Um die Geschlechterparität zu gewährleisten, ist das Wahlverfahren so auszurichten, dass getrennt nach Männern und Frauen gewählt wird. Wahllisten sind grundsätzlich alternierend mit Frauen und Männern zu besetzen, wobei den Frauen die ungeraden Plätze zur Verfügung stehen (Mindestparität). Sollte keine Frau für einen Platz kandidieren, bzw. gewählt werden, entscheidet die Mitgliederversammlung über das weitere Verfahren.

§ 13 ARBEITSGRUPPEN

(1) Die Mitgliederversammlung bzw. der Vorstand kann zur Bewältigung der politischen und organisatorischen Arbeit des Kreisverbandes Arbeitsgruppen einrichten.

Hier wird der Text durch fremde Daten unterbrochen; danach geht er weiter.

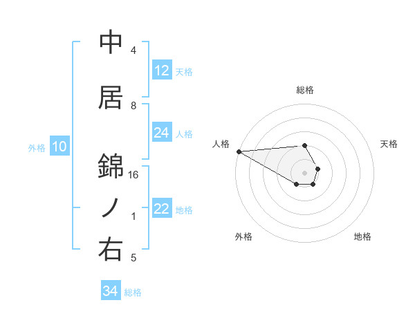 中居 錦ノ右さんを姓名の画数から五運を鑑定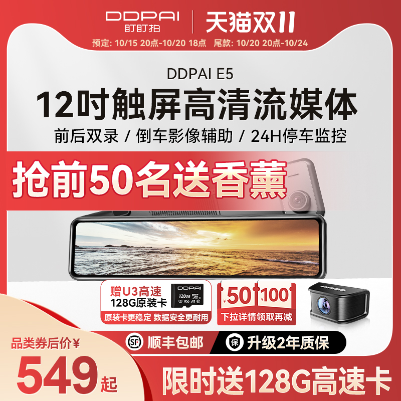 盯盯拍E5行车记录仪2K超高清夜视流媒体后视镜双镜头倒车影像一体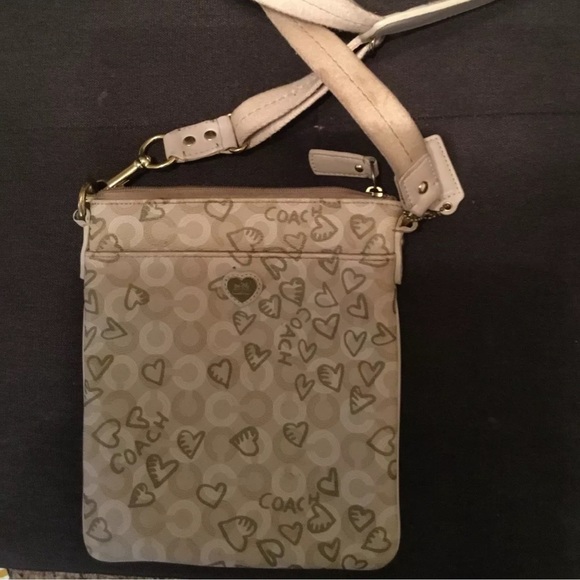 Barely used I loved hearts at the time, and this was the only reason why I purchased; because it was a cute bag with multiple hearts reminder☝🏽 all my purses are as is they will need a tlc inside and outside... they were all uses a handful of times thanks feel free to make offers 😌

(2) Die Mitarbeit in den Arbeitsgruppen steht allen Mitgliedern offen. Die Hinzuziehung von Nichtmitgliedern ist ausdrücklich erwünscht.

(3) Finanzielle und politische Aktivitäten der Arbeitsgruppen bedürfen einer Bestätigung durch den Vorstand bzw. die Mitgliederversammlung.

§ 14 RECHNUNGSPRÜFER*INNEN

(1) Die Kreismitgliederversammlung wählt zwei Rechnungsprüfer*innen. Sie sind zuständig für die interne Überprüfung der Rechnungsabschlüsse, der Haushaltsführung und der Einhaltung der Finanzordnung.

(2) Sie haben jederzeit das Einsichtsrecht in alle Finanzunterlagen des Kreisverbandes.

§ 15 SATZUNGSÄNDERUNG

(1) Diese Satzung kann von der Mitgliederversammlung durch eine 2/3 Mehrheit der abgegebenen gültigen Stimmen geändert werden. Als gültige Stimmen zählen auch Enthaltungen.

(2) Änderungen der Satzung sind nur bei eingehaltenen Antragsfristen gem. § 9 und nicht bei Versammlungen mit verkürzter Ladungsfrist möglich.

§ 16 AUFLÖSUNG/VERSCHMELZUNG

(1) Über die Auflösung oder Verschmelzung des Kreisverbandes entscheidet die Mitgliederversammlung mit 2/3 Mehrheit. Die Beschlüsse sind nur bei eingehaltener Antrags- und Ladungsfrist und nicht bei Versammlungen mit verkürzter Ladungsfrist möglich.

(2) Bei Auflösung des Kreisverbandes fällt das vorhandene Vermögen an den Landesverband Brandenburg.

§ 17 INKRAFTTRETEN

(1) Diese Satzung tritt am Tage nach ihrer Beschlussfassung in Kraft.

(2) Gleiches gilt für spätere Änderungen der Satzung.